TSANZ President Award recipient for 2024 Associate Professor Michelle Jongenelis has called for TSANZ members to encourage their federal MPs to support the Therapeutic Goods and Other Legislation Amendment (Vaping Reforms) Bill 2024 currently before Parliament.
On receiving her award recognising her contribution to promoting respiratory health particularly in the area of tobacco control, clinical psychologist Associate Professor Jongenelis told TSANZSRS 2024 that e-cigarettes were an “emerging menace.”
Associate Professor Jongenelis, deputy director of the Melbourne Centre for Behaviour Change at the University of Melbourne, said the target market was clearly adolescents and young adults.
She showed examples of colourful vapes mimicking confectionary and even a vape disguised as an asthma inhaler.
“It is not an asthma inhaler. It is actually an e-cigarette product disguised as an asthma inhaler so that kids can use this product at school and the teachers don’t know about it.”

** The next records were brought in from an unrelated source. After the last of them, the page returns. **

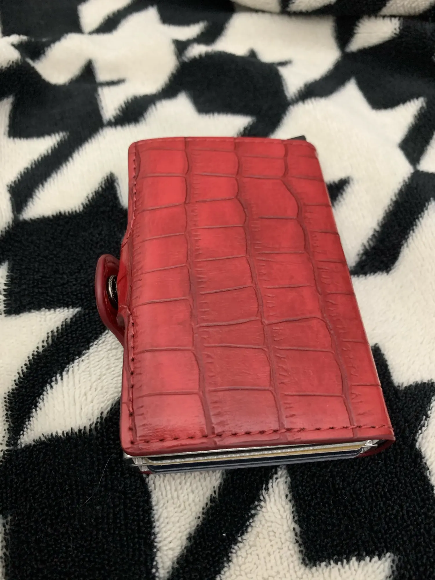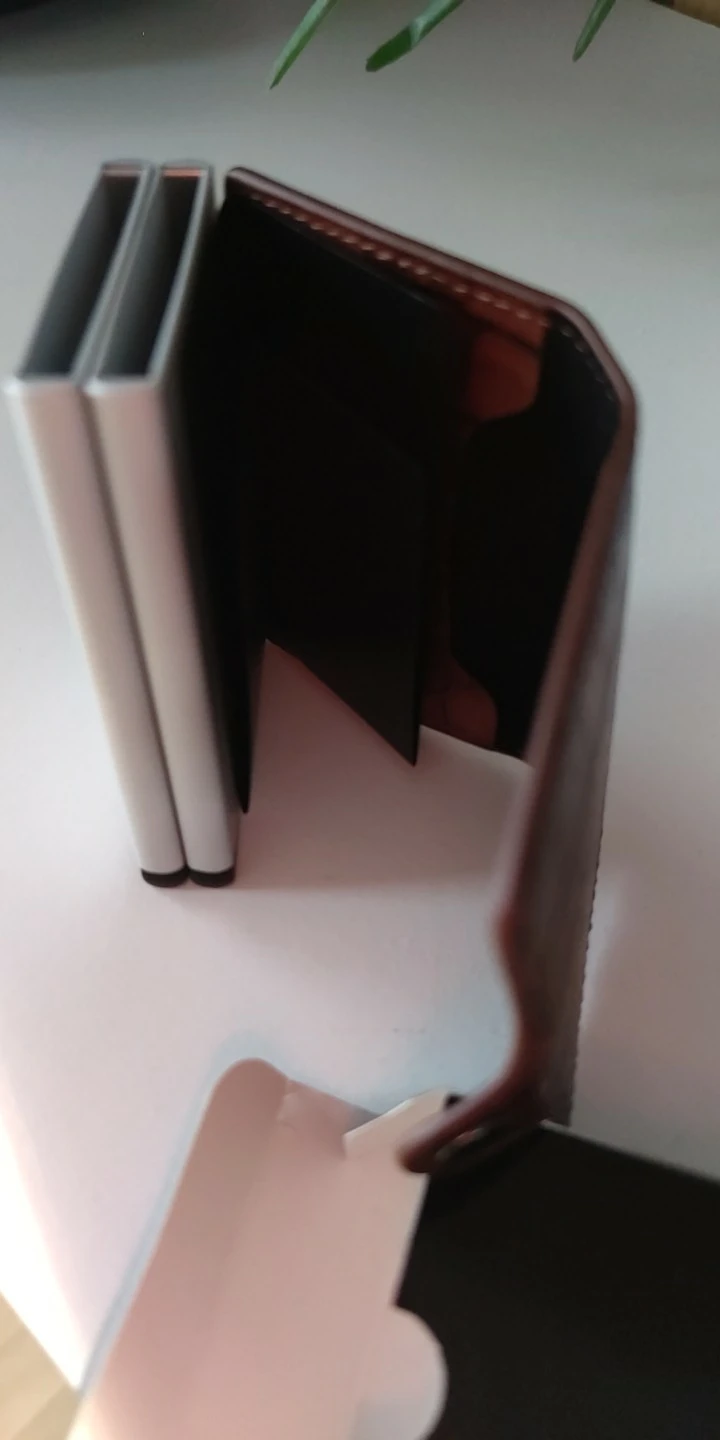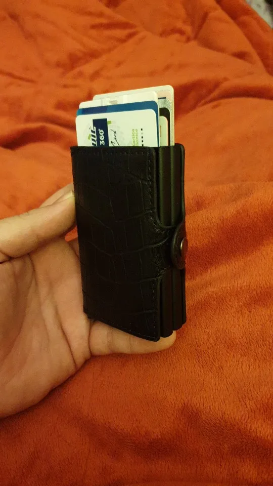 Кошелек был доставлен в течение 14 дней после заказа. Качество является приемлемым. Сам держатель карт, кажется, хорошего качества. Держатель карт покрыт кожаной подкладкой, которая имеет двустороннюю ленту, установленную на держателе для карт. Кожаная подкладка закрыта защелкивающимся соединением, которое является хрупким, я надеюсь, что эта часть кошелька прослужит. Было указано, что я доволен своей покупкой и рекомендую этот продукт и его продавца.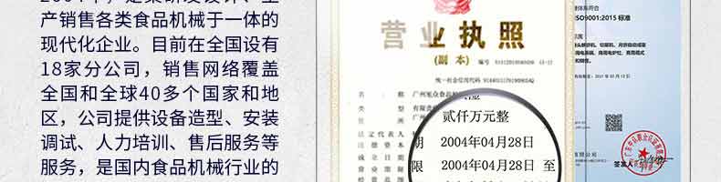 廣州旭眾食品機(jī)械有限公司是一家集科研開發(fā),生產(chǎn)設(shè)計(jì),營銷服務(wù)為一體的現(xiàn)代化生產(chǎn)企業(yè)?,F(xiàn)代化生產(chǎn)車間,精湛制造技術(shù),所產(chǎn)機(jī)械歷經(jīng)市場重重考驗(yàn),不斷贏得海內(nèi)外客戶的贊譽(yù)。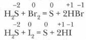 2. Сероводород — сильный восстановитель. При взаимодействии с простыми и сложными веществами — окислителями (например, с галогенами и солями) сероводород проявляет свойства сильного восстановителя.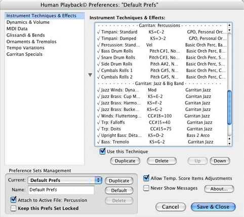 Se, invece, preferite utilizzare le rullate create da Human Playback al posto di quelle campionate, dovete disattivare la tecnica nella sezione Tecniche ed effetti strumentali della finestra di dialogo Preferenze di Human Playback.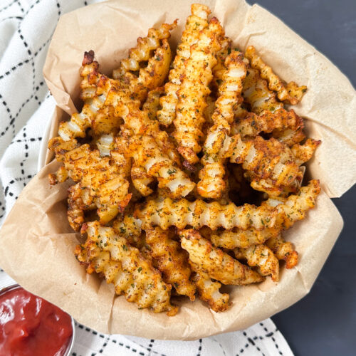 Crispy baked crinkle cut fries are the perfect side dish to serve with burgers, sandwiches and more. These fries are super easy to make and are a major crowd-pleaser! Serve with your favorite dipping sauces.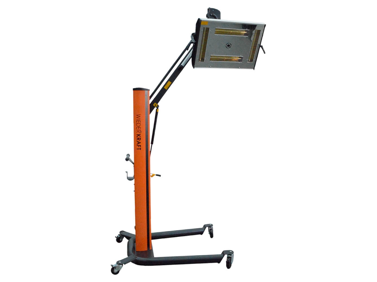 Мобильная ИК-сушка на пантографической стойке. Стойка прибора оборудована газовым амортизатором для поддержки и изменения положения. Размещенный на ней блок из 4 коротковолновых ИК-ламп легко поднимается на высоту до 2300 мм.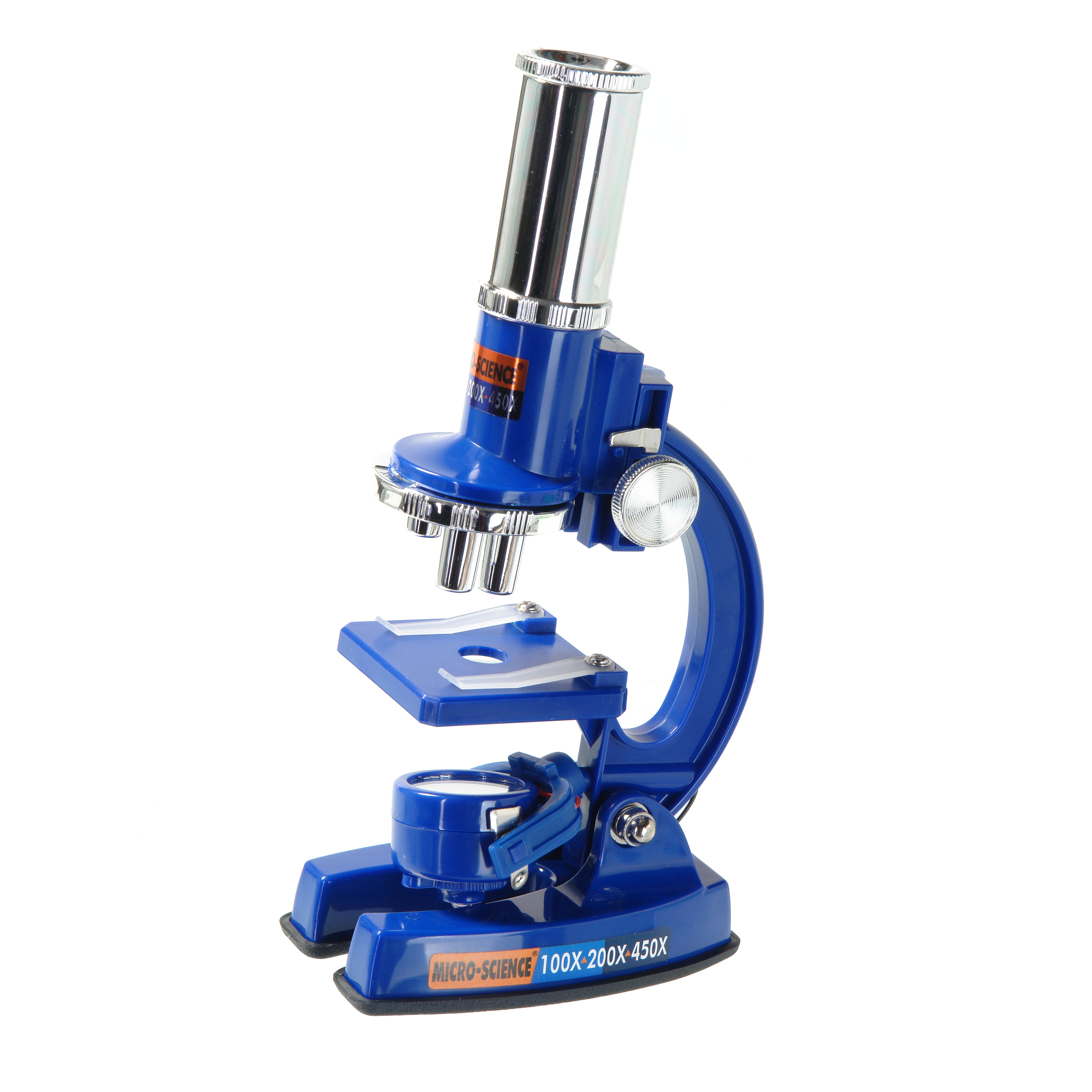 25607Монокуляр. Увеличение 100х-450х. 3 объектива. Источник света – лампа, зеркало. Подготовленный микропрепарат в комплекте. 4 чистых предметных и покровных стекла со стикерами.

This photo of the ‘emerging menace’ that is e-cigs or vapes, shared by Michelle Jongenelis – recipient of the TSANZ President Award – should make everyone angry. Clearly targeting young people, even a mock inhaler. #TSANZSRS2024 pic.twitter.com/Qb5ee8vV2k
— the limbic (@thelimbicresp) March 25, 2024
She said “industry actors” were conflating any evidence for e-cigarette use as a strategy to help tobacco smokers quit with claims that e-cigarette use was safe in the non-smoking and never smoked population.
“They want these products normalised. They want these products to be used in places where currently you are unable to smoke. So this is a real problem that we face when it comes to industry interference.”
She said it had taken a concerted effort and collaboration from many organisations including TSANZ to “talk to experts and make sure that policymakers could hear us”, get the Bill into shape and into Parliament.